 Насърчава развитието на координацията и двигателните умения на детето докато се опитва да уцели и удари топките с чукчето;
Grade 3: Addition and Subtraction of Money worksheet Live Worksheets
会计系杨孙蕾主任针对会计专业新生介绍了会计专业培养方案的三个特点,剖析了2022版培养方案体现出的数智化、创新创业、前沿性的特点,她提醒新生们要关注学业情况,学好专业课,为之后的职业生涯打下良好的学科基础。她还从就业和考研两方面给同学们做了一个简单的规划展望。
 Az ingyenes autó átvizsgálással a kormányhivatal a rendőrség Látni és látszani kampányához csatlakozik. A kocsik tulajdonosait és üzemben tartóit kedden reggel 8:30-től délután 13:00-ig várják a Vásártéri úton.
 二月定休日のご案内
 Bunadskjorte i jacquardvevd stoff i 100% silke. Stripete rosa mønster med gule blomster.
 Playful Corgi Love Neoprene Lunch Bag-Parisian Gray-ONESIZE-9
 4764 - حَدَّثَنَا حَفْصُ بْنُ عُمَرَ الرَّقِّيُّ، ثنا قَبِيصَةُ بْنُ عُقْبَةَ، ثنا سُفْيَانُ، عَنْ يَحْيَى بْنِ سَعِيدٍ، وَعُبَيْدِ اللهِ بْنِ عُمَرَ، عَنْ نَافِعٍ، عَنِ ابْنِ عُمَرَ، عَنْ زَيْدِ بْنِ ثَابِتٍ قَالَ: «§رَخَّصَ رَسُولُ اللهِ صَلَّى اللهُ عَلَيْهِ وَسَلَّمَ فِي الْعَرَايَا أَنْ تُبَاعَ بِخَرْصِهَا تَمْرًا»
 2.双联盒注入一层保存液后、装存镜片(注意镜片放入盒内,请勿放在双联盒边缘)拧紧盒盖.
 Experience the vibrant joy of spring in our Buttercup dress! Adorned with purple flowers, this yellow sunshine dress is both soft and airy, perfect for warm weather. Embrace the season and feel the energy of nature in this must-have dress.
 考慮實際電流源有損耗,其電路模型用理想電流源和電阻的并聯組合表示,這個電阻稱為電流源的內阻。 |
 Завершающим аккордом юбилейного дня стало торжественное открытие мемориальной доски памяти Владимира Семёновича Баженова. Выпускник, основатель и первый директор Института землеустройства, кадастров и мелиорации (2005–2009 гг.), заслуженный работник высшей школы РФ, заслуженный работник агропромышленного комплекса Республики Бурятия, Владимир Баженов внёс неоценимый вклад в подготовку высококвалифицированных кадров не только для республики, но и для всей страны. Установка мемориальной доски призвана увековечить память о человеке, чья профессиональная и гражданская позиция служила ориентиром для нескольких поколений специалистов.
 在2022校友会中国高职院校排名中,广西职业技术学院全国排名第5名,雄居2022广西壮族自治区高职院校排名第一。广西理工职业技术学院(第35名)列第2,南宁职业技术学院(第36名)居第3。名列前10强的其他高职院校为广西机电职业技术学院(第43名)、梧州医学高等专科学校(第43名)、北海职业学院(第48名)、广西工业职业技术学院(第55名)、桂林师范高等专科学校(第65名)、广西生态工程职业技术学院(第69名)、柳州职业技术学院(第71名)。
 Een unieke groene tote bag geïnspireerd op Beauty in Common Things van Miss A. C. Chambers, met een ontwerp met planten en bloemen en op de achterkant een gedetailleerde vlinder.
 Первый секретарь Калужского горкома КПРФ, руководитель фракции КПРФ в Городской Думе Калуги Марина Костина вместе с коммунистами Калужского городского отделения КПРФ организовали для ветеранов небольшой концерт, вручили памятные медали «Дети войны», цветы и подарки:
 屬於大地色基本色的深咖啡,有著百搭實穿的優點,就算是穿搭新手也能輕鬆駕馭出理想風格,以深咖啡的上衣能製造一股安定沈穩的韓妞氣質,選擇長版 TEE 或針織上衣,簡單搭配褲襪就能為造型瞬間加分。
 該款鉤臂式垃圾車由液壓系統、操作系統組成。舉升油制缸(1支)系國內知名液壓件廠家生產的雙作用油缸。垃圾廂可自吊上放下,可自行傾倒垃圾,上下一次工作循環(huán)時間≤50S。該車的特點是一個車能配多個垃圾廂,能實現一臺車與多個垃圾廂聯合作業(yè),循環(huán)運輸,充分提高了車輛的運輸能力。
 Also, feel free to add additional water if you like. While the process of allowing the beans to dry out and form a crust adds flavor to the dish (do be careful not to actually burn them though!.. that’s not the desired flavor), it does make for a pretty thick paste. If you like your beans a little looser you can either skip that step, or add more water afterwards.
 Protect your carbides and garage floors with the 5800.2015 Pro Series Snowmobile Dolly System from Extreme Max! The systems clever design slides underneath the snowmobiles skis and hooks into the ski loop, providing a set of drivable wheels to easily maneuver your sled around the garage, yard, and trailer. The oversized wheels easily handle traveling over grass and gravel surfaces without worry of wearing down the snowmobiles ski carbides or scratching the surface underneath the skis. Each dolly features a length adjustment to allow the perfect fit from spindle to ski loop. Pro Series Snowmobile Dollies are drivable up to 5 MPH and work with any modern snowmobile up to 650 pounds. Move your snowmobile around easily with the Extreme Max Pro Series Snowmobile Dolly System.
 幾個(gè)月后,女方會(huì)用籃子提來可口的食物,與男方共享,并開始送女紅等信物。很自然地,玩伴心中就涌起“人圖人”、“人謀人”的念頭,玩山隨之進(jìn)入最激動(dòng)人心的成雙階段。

____

**What is being asked:**
No line may be altered or left out when the data is written out.

**The completed task:**
 Насърчава развитието на координацията и двигателните умения на детето докато се опитва да уцели и удари топките с чукчето;
Grade 3: Addition and Subtraction of Money worksheet Live Worksheets
会计系杨孙蕾主任针对会计专业新生介绍了会计专业培养方案的三个特点,剖析了2022版培养方案体现出的数智化、创新创业、前沿性的特点,她提醒新生们要关注学业情况,学好专业课,为之后的职业生涯打下良好的学科基础。她还从就业和考研两方面给同学们做了一个简单的规划展望。
 Az ingyenes autó átvizsgálással a kormányhivatal a rendőrség Látni és látszani kampányához csatlakozik. A kocsik tulajdonosait és üzemben tartóit kedden reggel 8:30-től délután 13:00-ig várják a Vásártéri úton.
 二月定休日のご案内
 Bunadskjorte i jacquardvevd stoff i 100% silke. Stripete rosa mønster med gule blomster.
 Playful Corgi Love Neoprene Lunch Bag-Parisian Gray-ONESIZE-9
 4764 - حَدَّثَنَا حَفْصُ بْنُ عُمَرَ الرَّقِّيُّ، ثنا قَبِيصَةُ بْنُ عُقْبَةَ، ثنا سُفْيَانُ، عَنْ يَحْيَى بْنِ سَعِيدٍ، وَعُبَيْدِ اللهِ بْنِ عُمَرَ، عَنْ نَافِعٍ، عَنِ ابْنِ عُمَرَ، عَنْ زَيْدِ بْنِ ثَابِتٍ قَالَ: «§رَخَّصَ رَسُولُ اللهِ صَلَّى اللهُ عَلَيْهِ وَسَلَّمَ فِي الْعَرَايَا أَنْ تُبَاعَ بِخَرْصِهَا تَمْرًا»
 2.双联盒注入一层保存液后、装存镜片(注意镜片放入盒内,请勿放在双联盒边缘)拧紧盒盖.
 Experience the vibrant joy of spring in our Buttercup dress! Adorned with purple flowers, this yellow sunshine dress is both soft and airy, perfect for warm weather. Embrace the season and feel the energy of nature in this must-have dress.
 考慮實際電流源有損耗,其電路模型用理想電流源和電阻的并聯組合表示,這個電阻稱為電流源的內阻。 |
 Завершающим аккордом юбилейного дня стало торжественное открытие мемориальной доски памяти Владимира Семёновича Баженова. Выпускник, основатель и первый директор Института землеустройства, кадастров и мелиорации (2005–2009 гг.), заслуженный работник высшей школы РФ, заслуженный работник агропромышленного комплекса Республики Бурятия, Владимир Баженов внёс неоценимый вклад в подготовку высококвалифицированных кадров не только для республики, но и для всей страны. Установка мемориальной доски призвана увековечить память о человеке, чья профессиональная и гражданская позиция служила ориентиром для нескольких поколений специалистов.
 在2022校友会中国高职院校排名中,广西职业技术学院全国排名第5名,雄居2022广西壮族自治区高职院校排名第一。广西理工职业技术学院(第35名)列第2,南宁职业技术学院(第36名)居第3。名列前10强的其他高职院校为广西机电职业技术学院(第43名)、梧州医学高等专科学校(第43名)、北海职业学院(第48名)、广西工业职业技术学院(第55名)、桂林师范高等专科学校(第65名)、广西生态工程职业技术学院(第69名)、柳州职业技术学院(第71名)。
 Een unieke groene tote bag geïnspireerd op Beauty in Common Things van Miss A. C. Chambers, met een ontwerp met planten en bloemen en op de achterkant een gedetailleerde vlinder.
 Первый секретарь Калужского горкома КПРФ, руководитель фракции КПРФ в Городской Думе Калуги Марина Костина вместе с коммунистами Калужского городского отделения КПРФ организовали для ветеранов небольшой концерт, вручили памятные медали «Дети войны», цветы и подарки:
 屬於大地色基本色的深咖啡,有著百搭實穿的優點,就算是穿搭新手也能輕鬆駕馭出理想風格,以深咖啡的上衣能製造一股安定沈穩的韓妞氣質,選擇長版 TEE 或針織上衣,簡單搭配褲襪就能為造型瞬間加分。
 該款鉤臂式垃圾車由液壓系統、操作系統組成。舉升油制缸(1支)系國內知名液壓件廠家生產的雙作用油缸。垃圾廂可自吊上放下,可自行傾倒垃圾,上下一次工作循環(huán)時間≤50S。該車的特點是一個車能配多個垃圾廂,能實現一臺車與多個垃圾廂聯合作業(yè),循環(huán)運輸,充分提高了車輛的運輸能力。
 Also, feel free to add additional water if you like. While the process of allowing the beans to dry out and form a crust adds flavor to the dish (do be careful not to actually burn them though!.. that’s not the desired flavor), it does make for a pretty thick paste. If you like your beans a little looser you can either skip that step, or add more water afterwards.
 Protect your carbides and garage floors with the 5800.2015 Pro Series Snowmobile Dolly System from Extreme Max! The systems clever design slides underneath the snowmobiles skis and hooks into the ski loop, providing a set of drivable wheels to easily maneuver your sled around the garage, yard, and trailer. The oversized wheels easily handle traveling over grass and gravel surfaces without worry of wearing down the snowmobiles ski carbides or scratching the surface underneath the skis. Each dolly features a length adjustment to allow the perfect fit from spindle to ski loop. Pro Series Snowmobile Dollies are drivable up to 5 MPH and work with any modern snowmobile up to 650 pounds. Move your snowmobile around easily with the Extreme Max Pro Series Snowmobile Dolly System.
 幾個(gè)月后,女方會(huì)用籃子提來可口的食物,與男方共享,并開始送女紅等信物。很自然地,玩伴心中就涌起“人圖人”、“人謀人”的念頭,玩山隨之進(jìn)入最激動(dòng)人心的成雙階段。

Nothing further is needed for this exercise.